# What needs to be done
Word-for-word repetition of the records below is needed, but only from the line holding "シャープ、'15年度は2,559億円の最終赤字。鴻海の戴副総裁が新社長に" through the final line, with pictures excluded.

(Dataset items)
+--

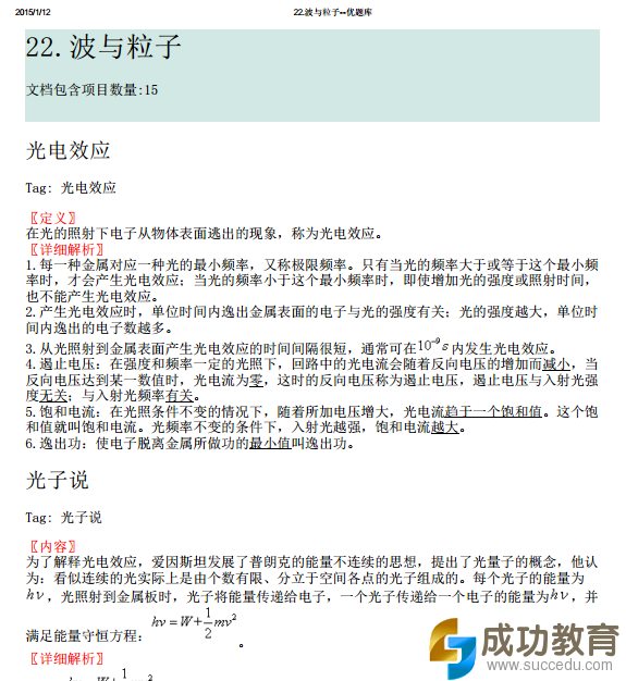 每章有知识结构图,并从概念、特点、公式、分类、实例及注意事项等多方面入手描述各个知识点。 每章是一个PDF文档(22章总计有22个PDF文档),文档首页截图如下(文档众多、不一一截图):
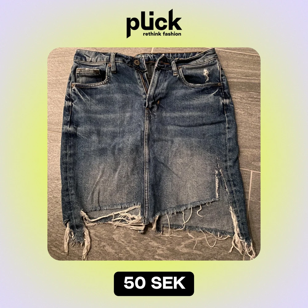Nedsliten jeanskjol med frasande kanter som är en trendig look. Den är typ marinblå med ljus tvätt i mitten. Framhäver dessutom kurvorna 👌
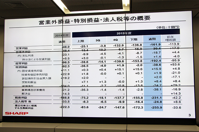 シャープ、'15年度は2,559億円の最終赤字。鴻海の戴副総裁が新社長に
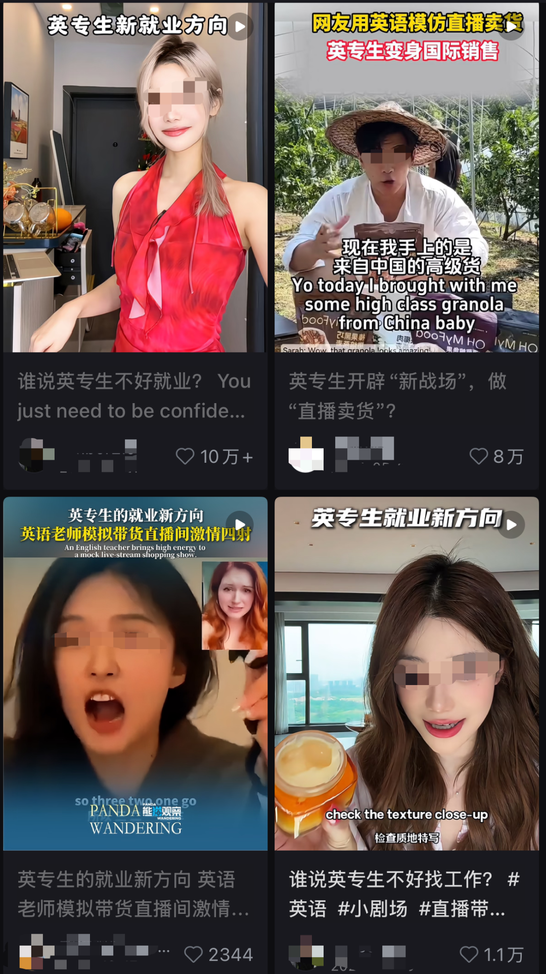 近几年在抖音、小红书、TikTok上,不难看到英专背景的博主尝试海外直播带货,当年在学校里做pre的经验也有了用武之地,他们口语流利、表达自然,自信地面向镜头,在国际市场开疆拓土。
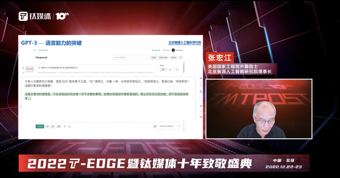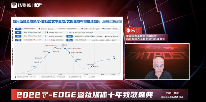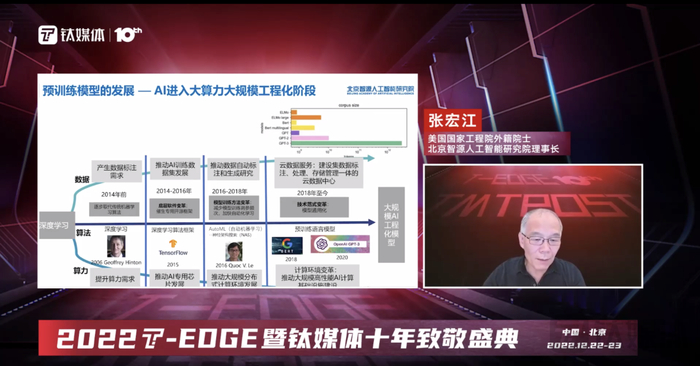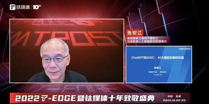 12月22日,美国国家工程院外籍院士、北京智源人工智能研究院理事张宏江在钛媒体2022T-EDGE大会上发表了《ChatGPT和AIGC爆火背后,Al 大模型的发展和机遇》的主题演讲。

+--

# Answer space
 シャープ、'15年度は2,559億円の最終赤字。鴻海の戴副総裁が新社長に
 近几年在抖音、小红书、TikTok上,不难看到英专背景的博主尝试海外直播带货,当年在学校里做pre的经验也有了用武之地,他们口语流利、表达自然,自信地面向镜头,在国际市场开疆拓土。
 12月22日,美国国家工程院外籍院士、北京智源人工智能研究院理事张宏江在钛媒体2022T-EDGE大会上发表了《ChatGPT和AIGC爆火背后,Al 大模型的发展和机遇》的主题演讲。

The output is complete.